**GIVEN INFORMATION**.
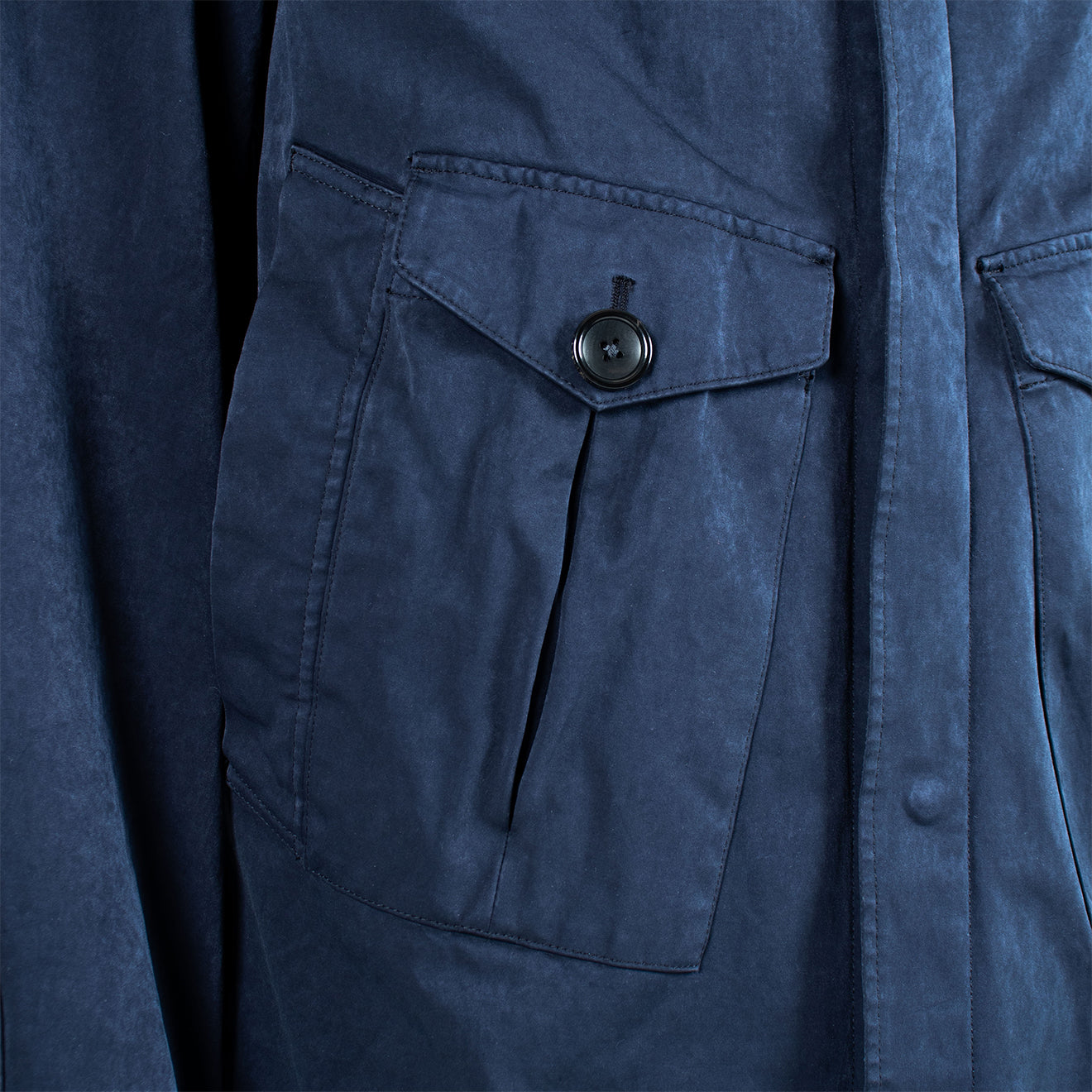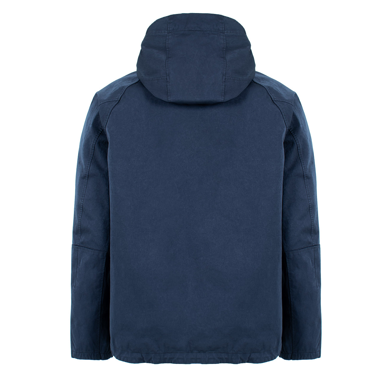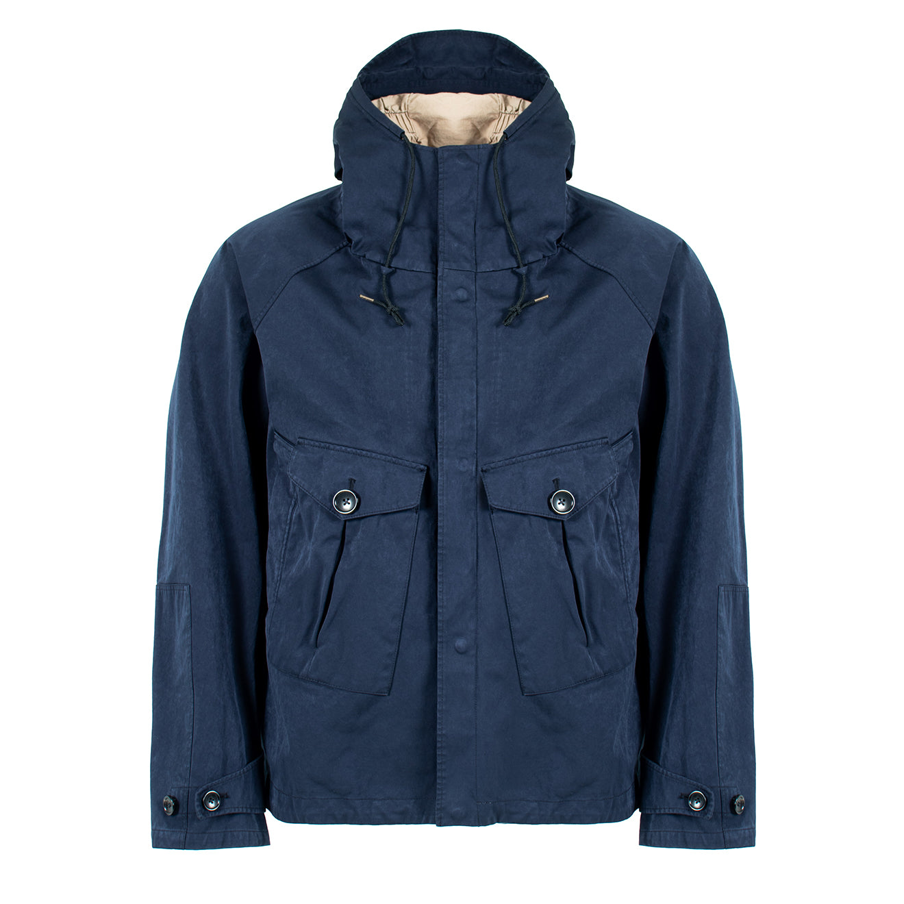 Ten C Tempest-Jacke mit Kapuze und 2 Taschen in Marineblau. Der Tempest Anorak ist eine offene Version des klassischen Feld- oder Tarn-Überzieh-Smocks von Ten C. Die extra große Kapuze wurde ursprünglich entwickelt, um jede schützende Kopfbedeckung zu umschließen und somit zu tarnen. Raglanärmel werden für diese Überzieher am häufigsten verwendet, da sie leichter anzuziehen sind und besser über anderen Jacken sitzen.
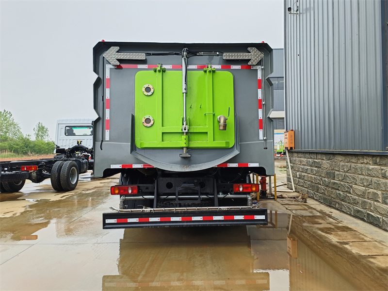 洗掃車,道路清掃車前端加有可左右上下擺動的高壓沖嘴,可對局部頑漬進行沖洗。開式液壓系統驅動左右立掃升降、左右掃肋旋轉、吸嘴升降、垃圾箱后門開閉、垃圾箱傾翻復位等機械動作。底盤變速箱側取力器驅動低壓水泵,實現灑水車的低壓沖洗功能。工作裝置電控系統采用PLC智能化控制,一鍵式作業起動和停機,操作方便,大大減少誤操作。
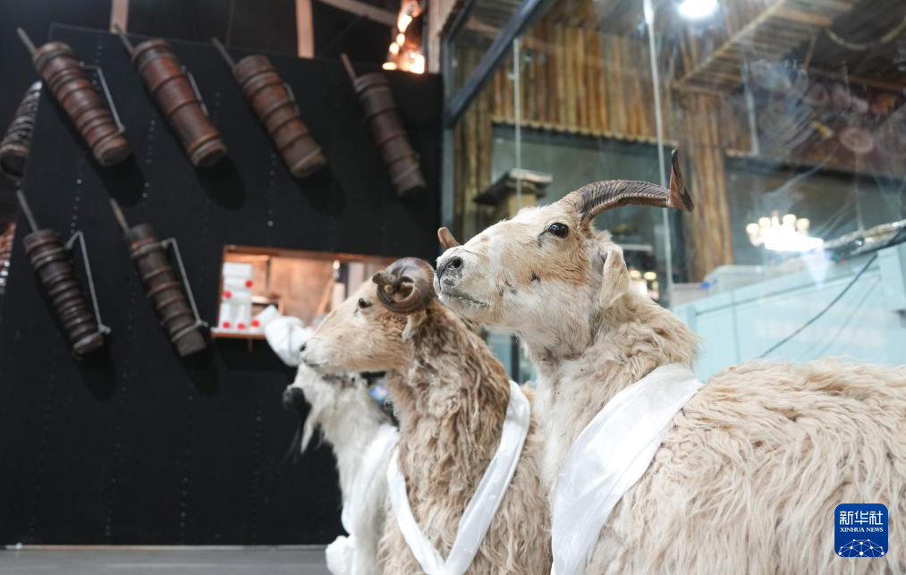 當(dāng)?shù)孛袼讓<邑暡悸逋凇澳寥藢殠?kù)”藏式茶館展示擠羊奶用的木桶(2月13日攝)。新華社記者 晉美多吉 攝??
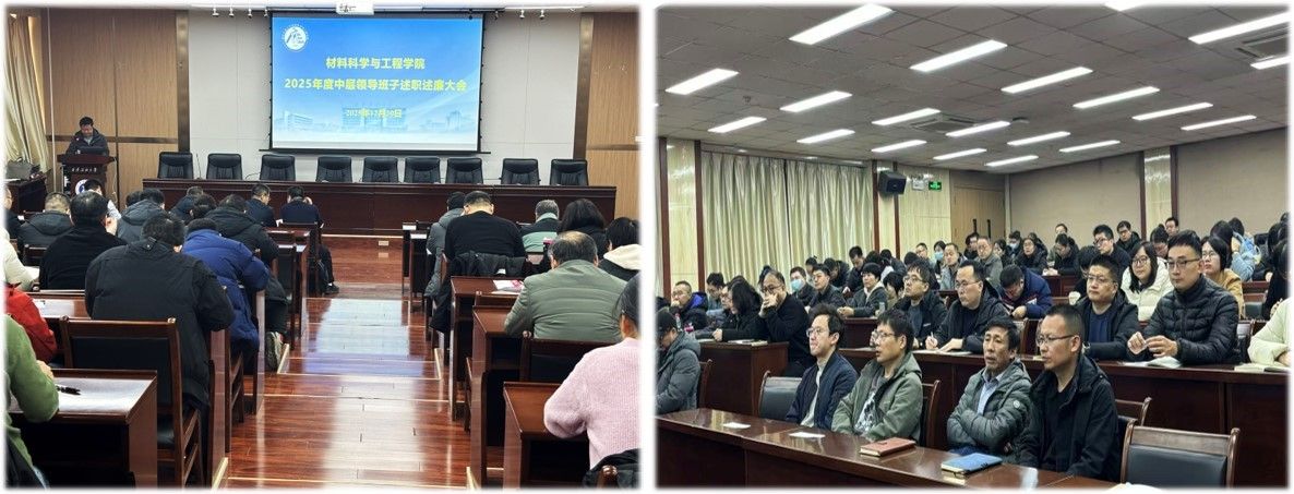 12月30日上午,材料科學與工程學院在雁塔校區(qū)第五會議室召開2025年度中層領(lǐng)導班子述職述廉大會。學院黨委書記耿嶺主持會議,全院教職工參加會議。本次會議以“凝心聚力謀發(fā)展,踔厲奮發(fā)新征程”為主題,全面回顧和總結(jié)了學院2025年在黨建工作、科研創(chuàng)新、學科建設、人才培養(yǎng)等領(lǐng)域取得的突破性進展,并對進一步推動學院各項事業(yè)高質(zhì)量發(fā)展作出動員部署。

**TASK OBJECTIVE**. The listing must be repeated word for word, and none of its pictures may appear in the copy.

**RESULT OF THE EXERCISE**.
 Ten C Tempest-Jacke mit Kapuze und 2 Taschen in Marineblau. Der Tempest Anorak ist eine offene Version des klassischen Feld- oder Tarn-Überzieh-Smocks von Ten C. Die extra große Kapuze wurde ursprünglich entwickelt, um jede schützende Kopfbedeckung zu umschließen und somit zu tarnen. Raglanärmel werden für diese Überzieher am häufigsten verwendet, da sie leichter anzuziehen sind und besser über anderen Jacken sitzen.
 洗掃車,道路清掃車前端加有可左右上下擺動的高壓沖嘴,可對局部頑漬進行沖洗。開式液壓系統驅動左右立掃升降、左右掃肋旋轉、吸嘴升降、垃圾箱后門開閉、垃圾箱傾翻復位等機械動作。底盤變速箱側取力器驅動低壓水泵,實現灑水車的低壓沖洗功能。工作裝置電控系統采用PLC智能化控制,一鍵式作業起動和停機,操作方便,大大減少誤操作。
 當(dāng)?shù)孛袼讓<邑暡悸逋凇澳寥藢殠?kù)”藏式茶館展示擠羊奶用的木桶(2月13日攝)。新華社記者 晉美多吉 攝??
 12月30日上午,材料科學與工程學院在雁塔校區(qū)第五會議室召開2025年度中層領(lǐng)導班子述職述廉大會。學院黨委書記耿嶺主持會議,全院教職工參加會議。本次會議以“凝心聚力謀發(fā)展,踔厲奮發(fā)新征程”為主題,全面回顧和總結(jié)了學院2025年在黨建工作、科研創(chuàng)新、學科建設、人才培養(yǎng)等領(lǐng)域取得的突破性進展,并對進一步推動學院各項事業(yè)高質(zhì)量發(fā)展作出動員部署。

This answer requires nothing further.